EXTRACTED INFORMATION
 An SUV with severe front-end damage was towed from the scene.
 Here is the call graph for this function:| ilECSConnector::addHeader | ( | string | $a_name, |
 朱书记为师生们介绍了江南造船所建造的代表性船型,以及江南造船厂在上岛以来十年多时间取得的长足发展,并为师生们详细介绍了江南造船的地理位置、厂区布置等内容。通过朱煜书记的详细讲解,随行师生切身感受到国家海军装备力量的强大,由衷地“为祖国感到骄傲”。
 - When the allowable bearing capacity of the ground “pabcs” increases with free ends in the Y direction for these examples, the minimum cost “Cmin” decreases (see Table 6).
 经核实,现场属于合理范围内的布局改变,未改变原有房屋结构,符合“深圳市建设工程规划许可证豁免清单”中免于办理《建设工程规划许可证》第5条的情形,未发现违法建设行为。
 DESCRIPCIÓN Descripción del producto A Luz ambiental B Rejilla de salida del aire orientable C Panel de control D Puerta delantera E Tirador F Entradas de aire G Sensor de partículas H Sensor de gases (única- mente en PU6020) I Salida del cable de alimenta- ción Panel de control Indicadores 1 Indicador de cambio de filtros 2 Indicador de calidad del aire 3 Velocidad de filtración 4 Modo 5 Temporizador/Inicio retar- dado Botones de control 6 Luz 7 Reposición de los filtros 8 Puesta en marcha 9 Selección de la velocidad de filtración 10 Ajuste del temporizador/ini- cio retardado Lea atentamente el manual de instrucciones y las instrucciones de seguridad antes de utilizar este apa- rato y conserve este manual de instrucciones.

---

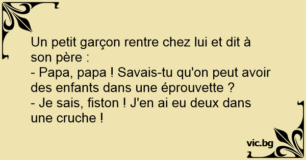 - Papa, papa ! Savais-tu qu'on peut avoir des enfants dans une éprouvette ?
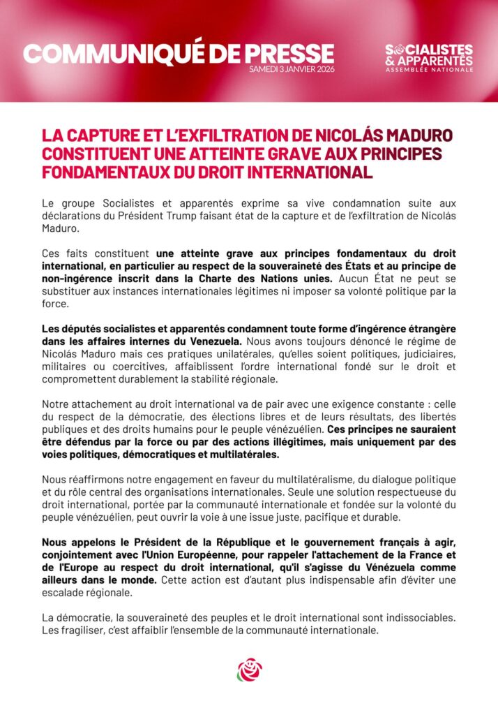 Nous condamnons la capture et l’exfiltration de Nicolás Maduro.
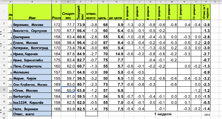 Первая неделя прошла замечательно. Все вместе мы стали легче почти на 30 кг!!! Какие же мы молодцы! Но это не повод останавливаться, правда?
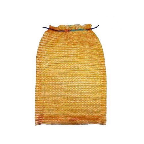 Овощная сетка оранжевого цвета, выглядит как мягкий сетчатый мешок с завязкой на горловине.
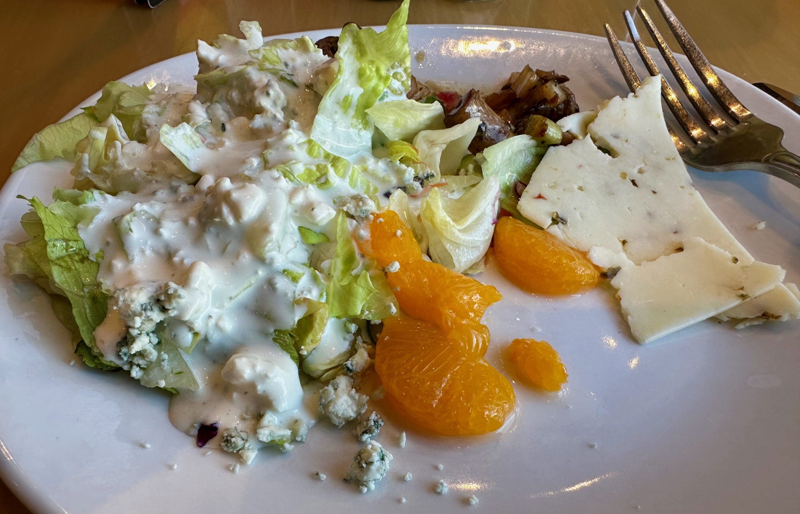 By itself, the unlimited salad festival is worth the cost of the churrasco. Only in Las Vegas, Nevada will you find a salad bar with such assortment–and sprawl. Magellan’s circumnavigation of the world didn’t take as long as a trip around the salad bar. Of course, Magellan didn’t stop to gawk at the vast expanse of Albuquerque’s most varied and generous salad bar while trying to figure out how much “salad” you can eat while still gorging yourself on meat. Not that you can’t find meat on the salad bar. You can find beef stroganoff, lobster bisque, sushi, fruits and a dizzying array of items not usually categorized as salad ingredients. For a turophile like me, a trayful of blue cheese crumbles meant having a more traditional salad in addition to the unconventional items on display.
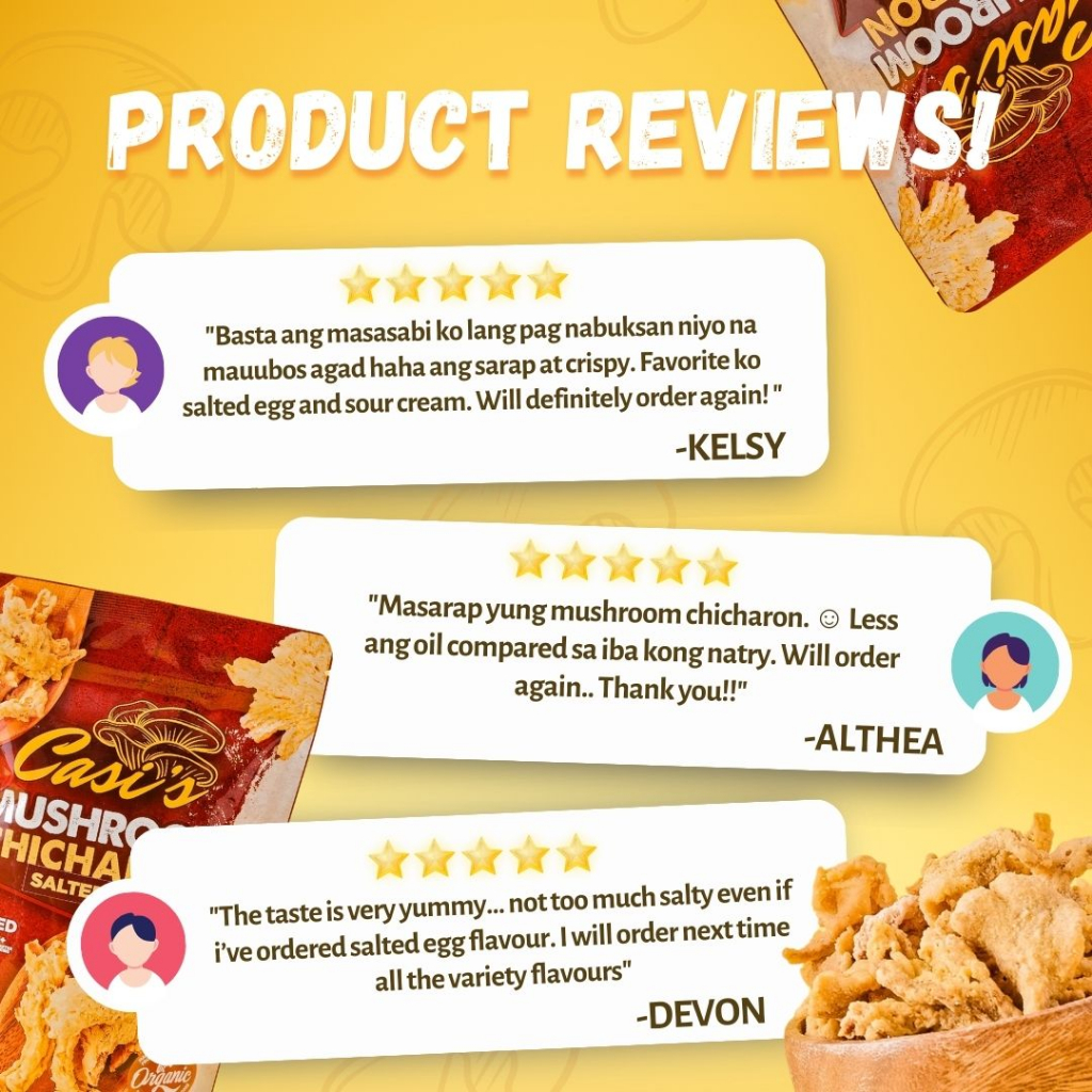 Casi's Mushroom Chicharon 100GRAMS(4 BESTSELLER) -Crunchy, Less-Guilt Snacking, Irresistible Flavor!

...

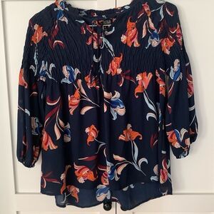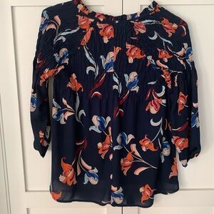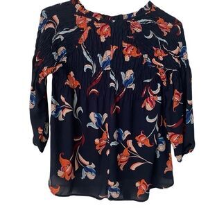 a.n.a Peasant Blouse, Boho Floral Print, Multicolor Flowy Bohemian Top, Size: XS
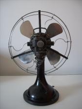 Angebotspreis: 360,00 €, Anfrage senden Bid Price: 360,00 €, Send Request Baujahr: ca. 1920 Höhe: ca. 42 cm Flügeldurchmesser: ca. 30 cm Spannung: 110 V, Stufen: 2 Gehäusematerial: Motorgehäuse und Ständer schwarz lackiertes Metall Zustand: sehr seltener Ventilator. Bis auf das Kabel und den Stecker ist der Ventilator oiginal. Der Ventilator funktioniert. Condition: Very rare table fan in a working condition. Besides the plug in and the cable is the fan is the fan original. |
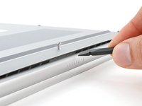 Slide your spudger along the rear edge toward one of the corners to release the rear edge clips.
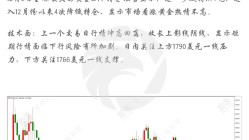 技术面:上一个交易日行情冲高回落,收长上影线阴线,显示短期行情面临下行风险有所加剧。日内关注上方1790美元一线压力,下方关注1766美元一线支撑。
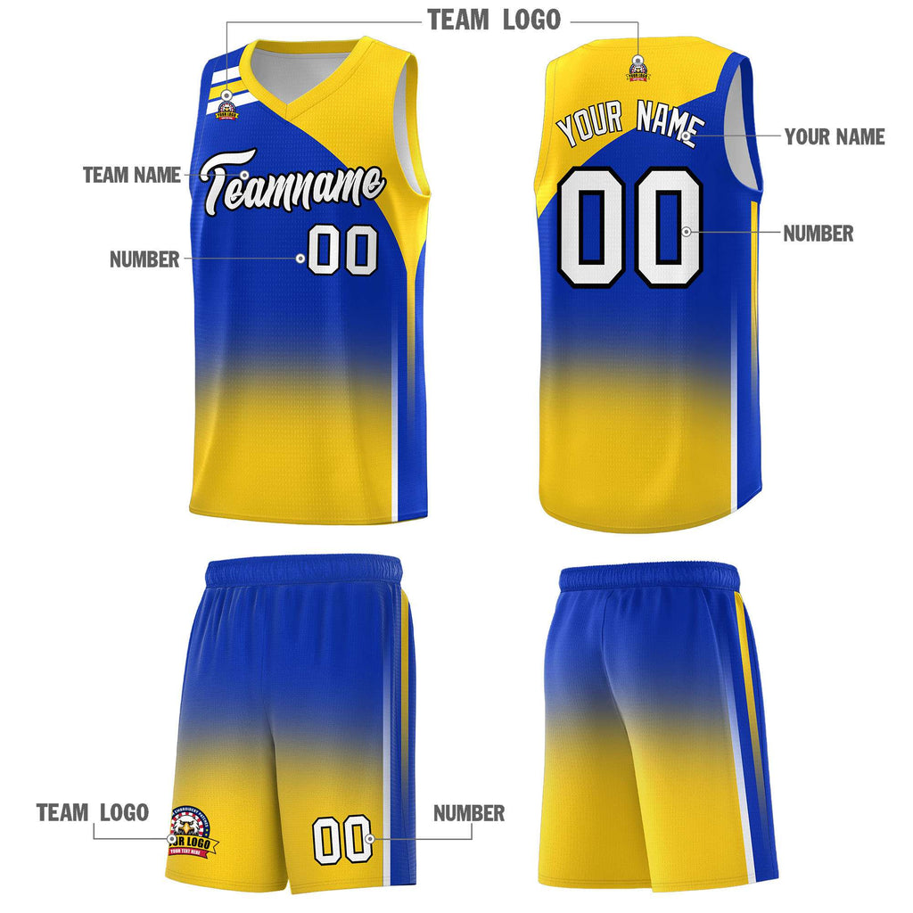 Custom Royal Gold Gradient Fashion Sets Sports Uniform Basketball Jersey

PROBLEM
Within the listing above, extract exactly the lines from the line with "朱书记为师生们介绍了江南造船" to the line with "经核实,现场属于合理范围内的", the two named lines included, and no others.

EXPECTED ANSWER
 朱书记为师生们介绍了江南造船所建造的代表性船型,以及江南造船厂在上岛以来十年多时间取得的长足发展,并为师生们详细介绍了江南造船的地理位置、厂区布置等内容。通过朱煜书记的详细讲解,随行师生切身感受到国家海军装备力量的强大,由衷地“为祖国感到骄傲”。
 - When the allowable bearing capacity of the ground “pabcs” increases with free ends in the Y direction for these examples, the minimum cost “Cmin” decreases (see Table 6).
 经核实,现场属于合理范围内的布局改变,未改变原有房屋结构,符合“深圳市建设工程规划许可证豁免清单”中免于办理《建设工程规划许可证》第5条的情形,未发现违法建设行为。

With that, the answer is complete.